Catching up on a bit of reading, I've noticed a lot of futurists considering the perceptual impact of the grounding of flights due to the Icelandic volcano eruption. My Futures Company colleague Andrew Curry summarises the kinds of reperception that are taking place, and Gideon Rachman (in the FT) smartly observes that the frustration normally felt by the poor or disenfranchised has briefly been extended to everyone by the impossibility of getting off the ground.

But there's an odd strain of nostalgia running through much of the output from this volcanic sub-genre. Even as writers imagine possible futures, some of these futures seem to resemble versions of the inaccessible past. They are, to pinch from William Empson, versions of pastoral.

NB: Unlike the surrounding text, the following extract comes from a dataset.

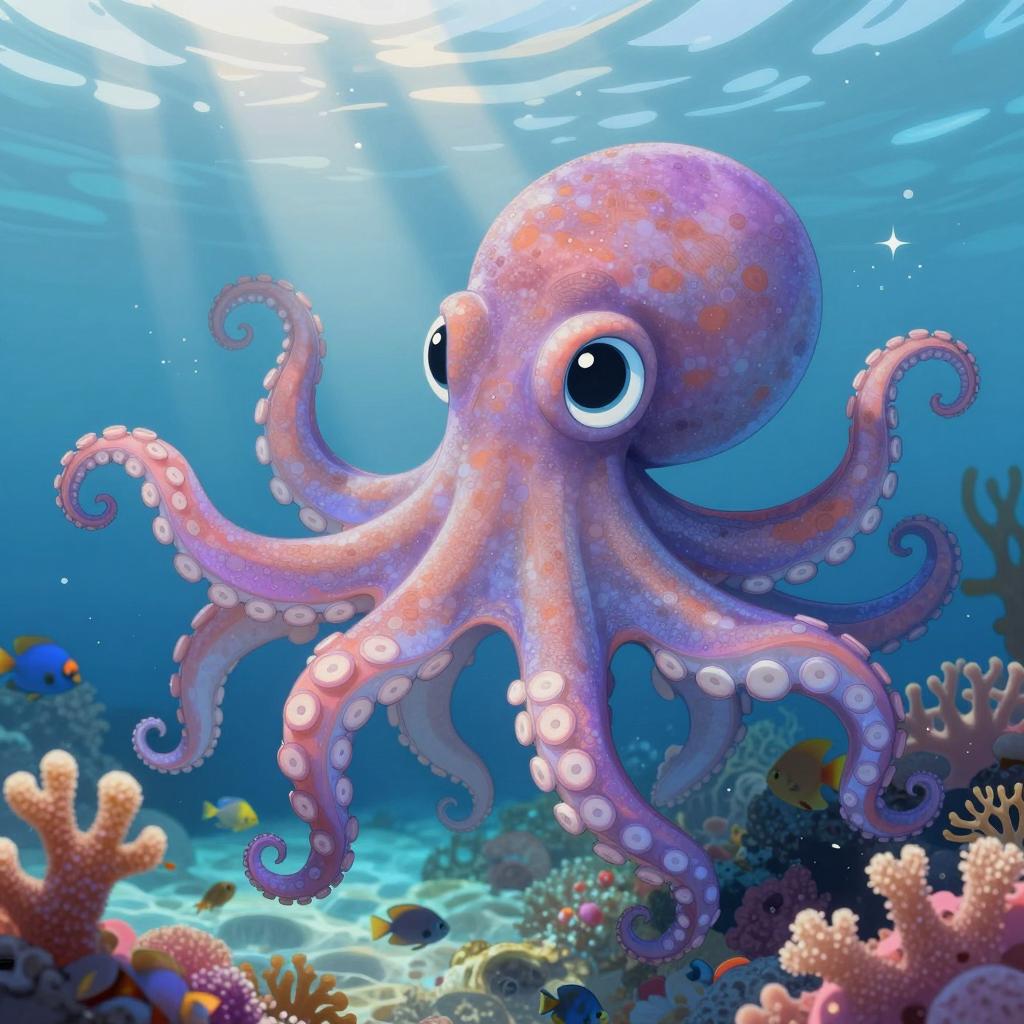 Fashionable A round cute octopus with eight long and slender arms, big round eyes, and a friendly smile. Its body is soft and squishy, with a mixture of purple, pink, and white colors. The octopus is swimming in a coral reef with vibrant colors and exotic fish and plants. The water is crystal clear, and the sunlight shines through the surface, creating a beautiful pattern of light on the reef. The scene is magical and enchanting, with a dreamlike quality and a sense of wonder. The octopus looks playful and curious, exploring the beauty of the underwater world. A digital illustration created with a tablet and a stylus, using vibrant colors and intricate details to capture the beauty of the coral reef and the octopuss movement. The illustration has a whimsical and playful feel, with a touch of fantasy.,

We catch glimpses of these pastoral worlds of slow movement in for example, Doreen Massey's essay, 'Is the world getting larger or smaller?', republished by Open Democracy (and linked to by Andrew). She argues, fairly persuasively, about the effect that the creation of rapid travel 'hubs' has had on communities that fall in the spaces between and so remain away from the main currents of globalised life - though this is by no means a new phenomenon, even if the hubs are now nodes in a vastly larger network. I'm not sure if I agree that in a fast world 'there is no question of the pleasures of movement or travel': rather, I suspect the feasibility of rapid movement has enabled the emergence of less pleasure-orientated categories of travel - like business travel, for instance - that were previously confined either to small distances or to small constituencies of people, such as merchants. Was mercantile travel ever a pleasure?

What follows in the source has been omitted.